111.5. Es la hora en que el cristiano dice con el salmo: «Llévame por la senda de tus mandamientos porque mi complacencia tengo en ella» (Sal 119,35); «mira no haya en mí camino de dolor, y llévame por el camino eterno» (Sal 139,24). Es la grata prisa que proclama el Cantar, como represa desbordada: «¡Que me bese con los besos de su boca! Mejores son que el vino tus amores; mejores al olfato tus perfumes; ungüento derramado es tu nombre, por eso te aman las doncellas. Llévame en pos de ti: ¡Corramos! El Rey me ha introducido en sus mansiones; por ti exultaremos y nos alegraremos. Evocaremos tus amores más que el vino; ¡con qué razón eres amado!» (Ct 1,1-4).
111.6. Es bueno que sepas, sin embargo, que estas gracias místicas piden de ti un corazón dispuesto. Tú no puedes producirlas, pero sí impedirlas, por eso, como ya se te ha dicho, tu tarea no es crearlas sino quitar aquello que pueda obstaculizarlas.

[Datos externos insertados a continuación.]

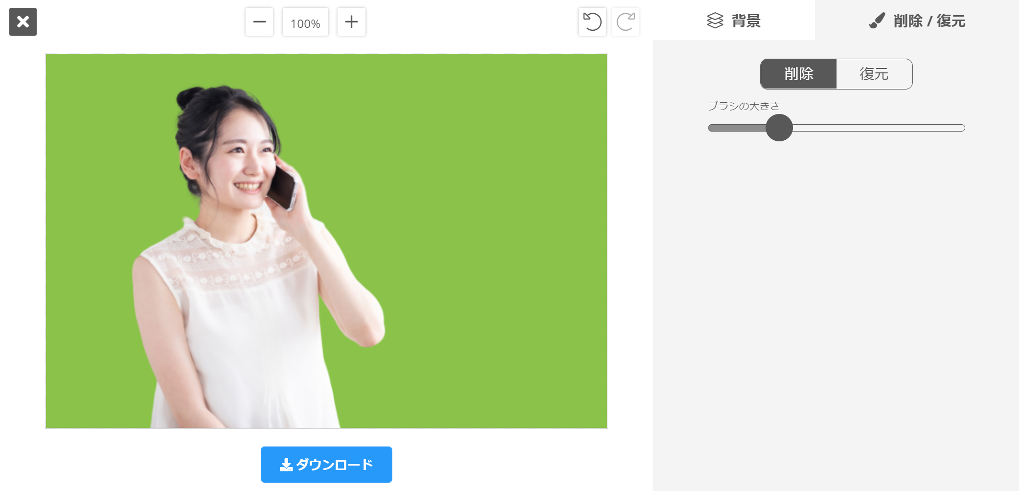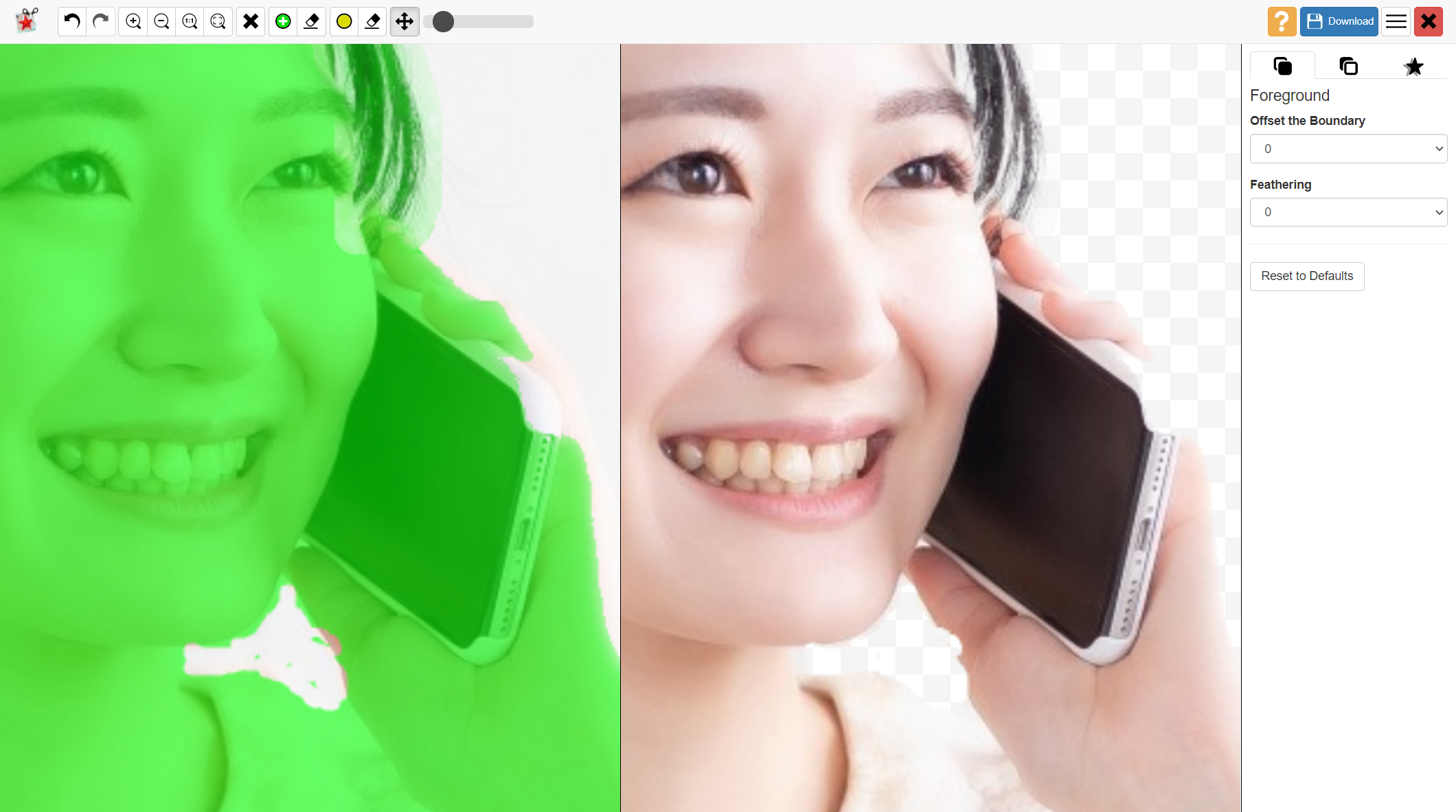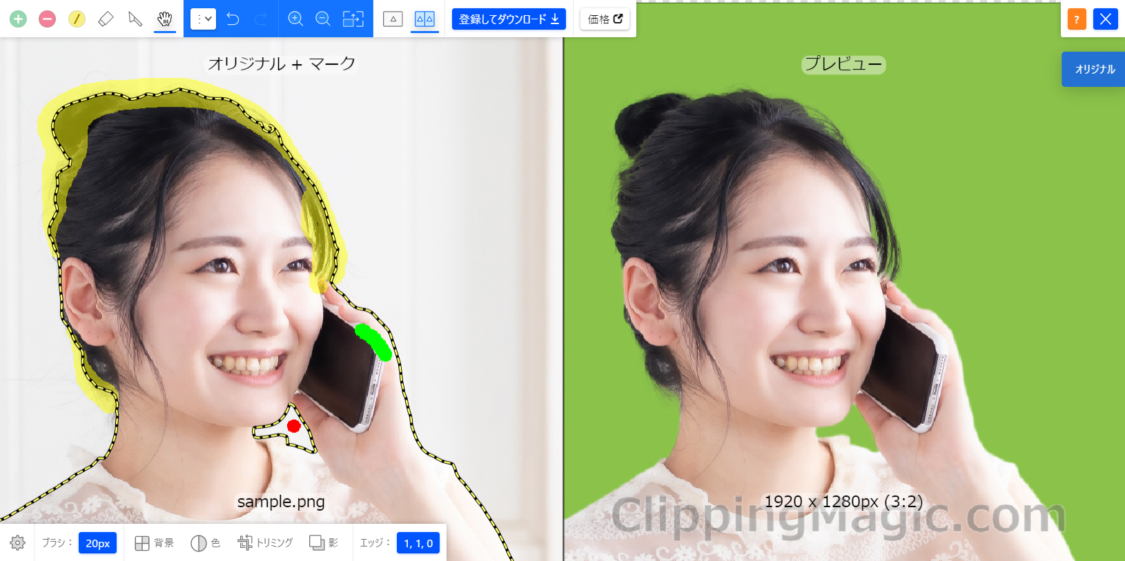 自動切り抜き後は、簡単な手動によるフォアグラウンドの範囲削除/復元ツールの様なものはありましたが、それだけでは切り抜きのきめ細かな調整はできません。有料ですが、小さなプリビュー画像は無料でダウンロード可能です。 | 80 |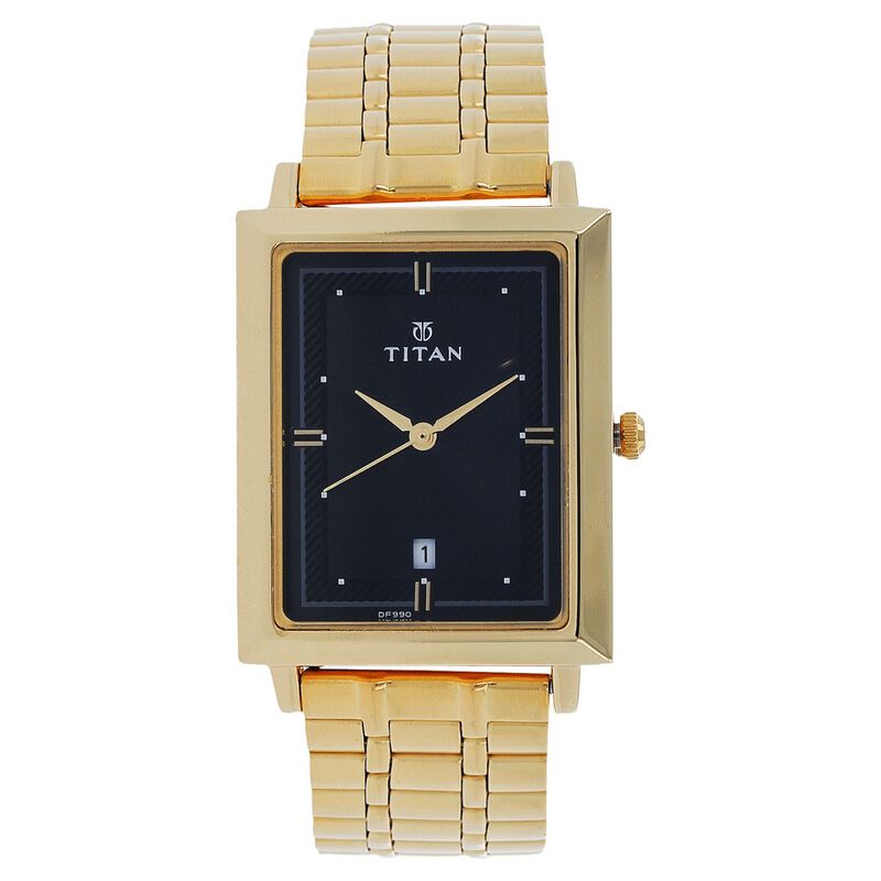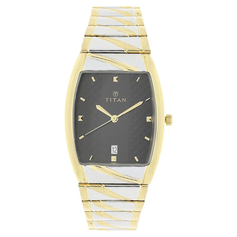 Titan Quartz Analog With Date Black Dial Metal Strap Watch For Men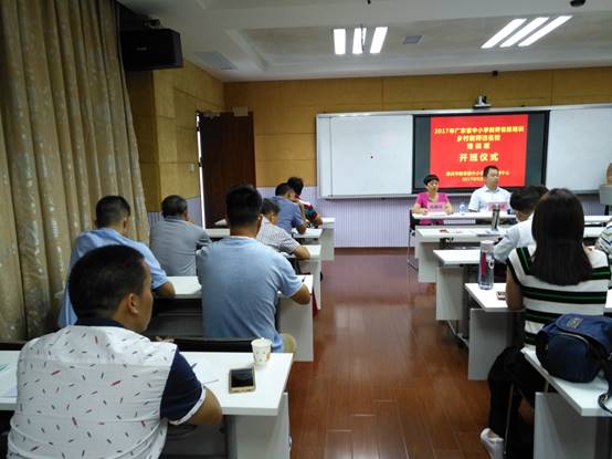 2017年9月15日上午,2017广东省中小学教师省级培训——乡村教师访名校培训班在william威廉英国官网省级中小学教师发展中心401隆重举行。william威廉英国官网经理肖起清教授、william威廉英国官网教师专业能力发展中心副主任肖晓玛博士,以及来自湛江、汕尾、阳江、肇庆、韶关、梅州、茂名、河源等10多个地市的50名学员出席开班仪式。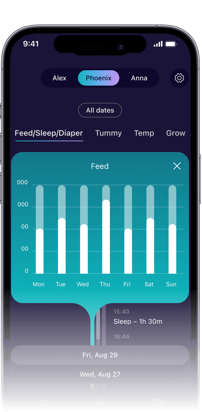 Captures feeds, meds, naps, and more instantly and on-the-go . No fumbling with complex menus, no tapping, and no bright phone screens waking the baby.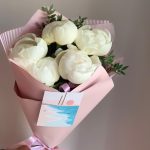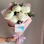 Пион – 5 шт.Зелень – 3 шт.Лента атласная – 2 шт.Упаковка дизайнерская – 3 шт.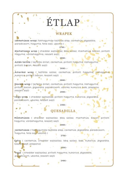 搜索关键词 Bisztró ételek italok, finom étel italok, Hungarian bistro food, food and drinks, good restaurant, limited time offer, dinner and drink, hungary food优势 Finom ételek,Változatos italok,Hosszú nyitvatartás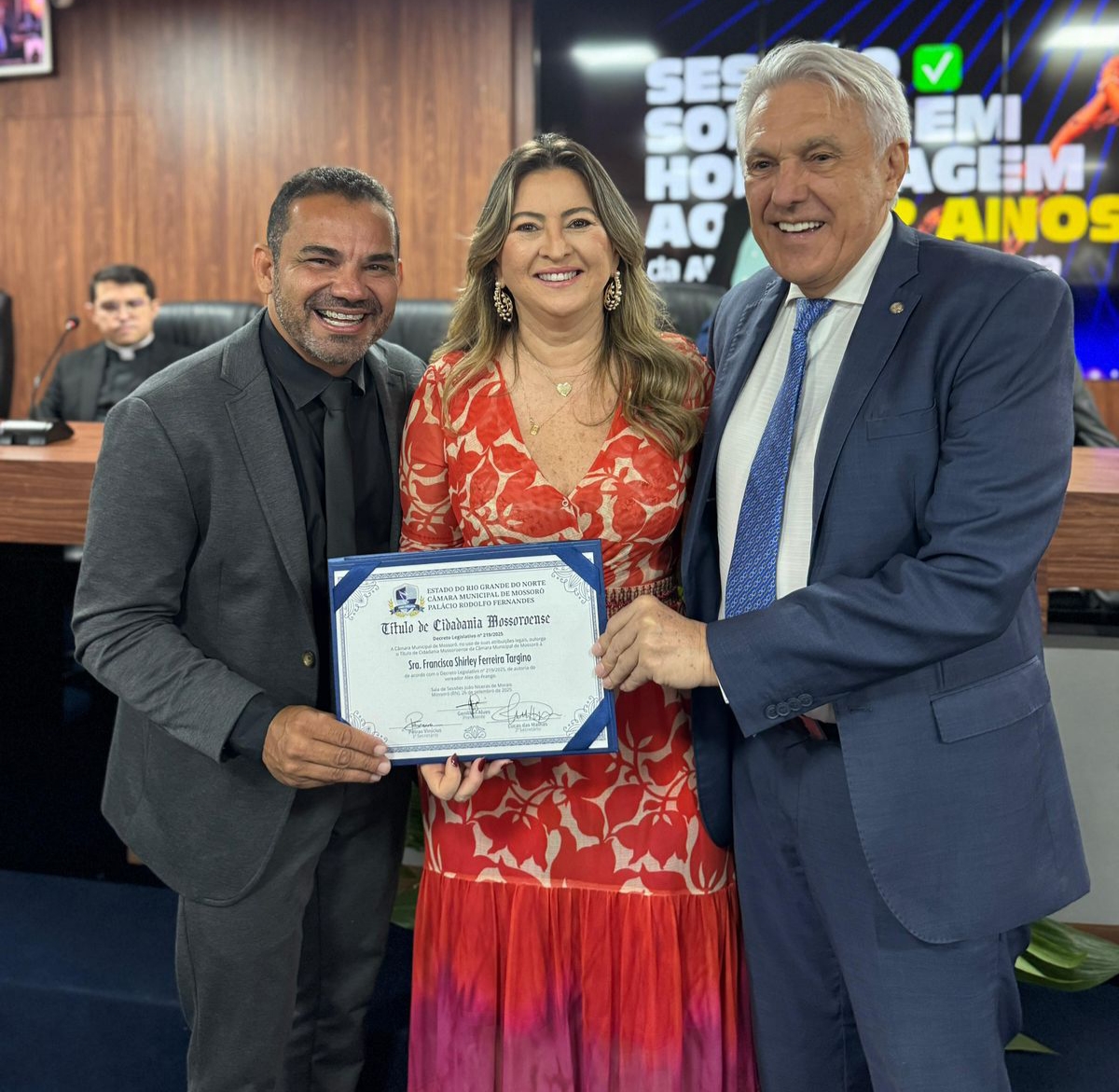 Entre os homenageados, a ex-prefeita de Messias Targino e atual secretária de Assistência Social de Mossoró, Shirley Targino, sua esposa, recebeu o título de Cidadã Mossoroense, em proposição do vereador Alex do Frango. A homenagem reconhece sua trajetória de serviços prestados à cidade e ao povo mossoroense.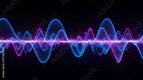 The watermark will not be included on Wall mural.: Abstract visualization of digital sound waves and frequencies in blue and violet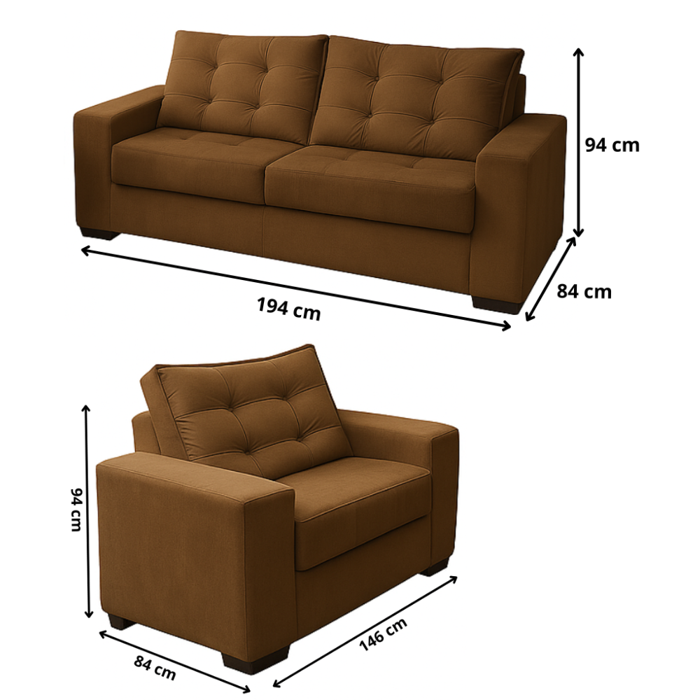 | Dimensões (AxLxC) | 2 lugares: Altura: 0,94 cm, Largura :1,46 cm, Profundidade: 0,53 cm, 3 lugares: Altura: 0,94 cm, Largura: 1,94 cm, Assento: 0,53 cm |

111.7. Ante todo es necesario que estés dispuesto a ser transformado, es decir, que la última fidelidad tuya no sea a ti mismo, sino a tu Creador y Redentor. Si en cada paso de la gracia tú vas a preguntar qué será de lo que eras, nunca llegarás a ser lo que Dios quiere que seas, sino que quedarás como petrificado en tu pasado. Es preciso entonces que ames más a Dios que a ti mismo, de modo tal que en Él ames más lo que vas a ser con Él que lo que fuiste o pretendiste ser lejos de Él. Esto, que parece tan completamente obvio cuando es dicho, sé que te resulta terriblemente difícil cuando es tu vida la que va a ser cambiada y renovada.
111.8. De esto habló nuestro Señor Jesucristo cuando dijo: «Nadie, después de beber el vino añejo, quiere del nuevo porque dice: “El añejo es el bueno.”» (Lc 5,39). Este concepto no se debe a un verdadero gusto ni a un verdadero discernimiento, sino a la cobardía, que en la Historia de los hombres es casi soberana. Cobardía que brota del miedo radical a quedarse en el vacío y que por eso intenta asegurarse a sí misma, como el niño perdido en un rincón del inmenso mercado, que aturdido por el pánico termina por quedarse paralizado y con sus propios bracitos se abraza.
111.9. Es lo que te cuenta la Carta a los Hebreos: «Por tanto, así como los hijos participan de la sangre y de la carne, así también Cristo participó de las mismas, para aniquilar mediante la muerte al señor de la muerte, es decir, al Diablo, y libertar a cuantos, por temor a la muerte, estaban de por vida sometidos a esclavitud» (Heb 2,14-15). Ese “temor a la muerte” es lo que aquí he llamado “cobardía.”
111.10. De ella te libra Jesucristo cuando te ofrece su mano llagada en señal de victoria, o cuando le escuchas decir: «No temas, soy yo, el Primero y el Ultimo, el que vive; estuve muerto, pero ahora estoy vivo por los siglos de los siglos, y tengo las llaves de la Muerte y del Hades» (Ap 1,17-18).
111.11. Porque esa victoria es tuya en razón de la pura gracia y regalo de Aquel que te ha mirado con misericordia, te he dicho y ahora te repito: Deja que te invite a la alegría. Dios te ama; su amor es eterno.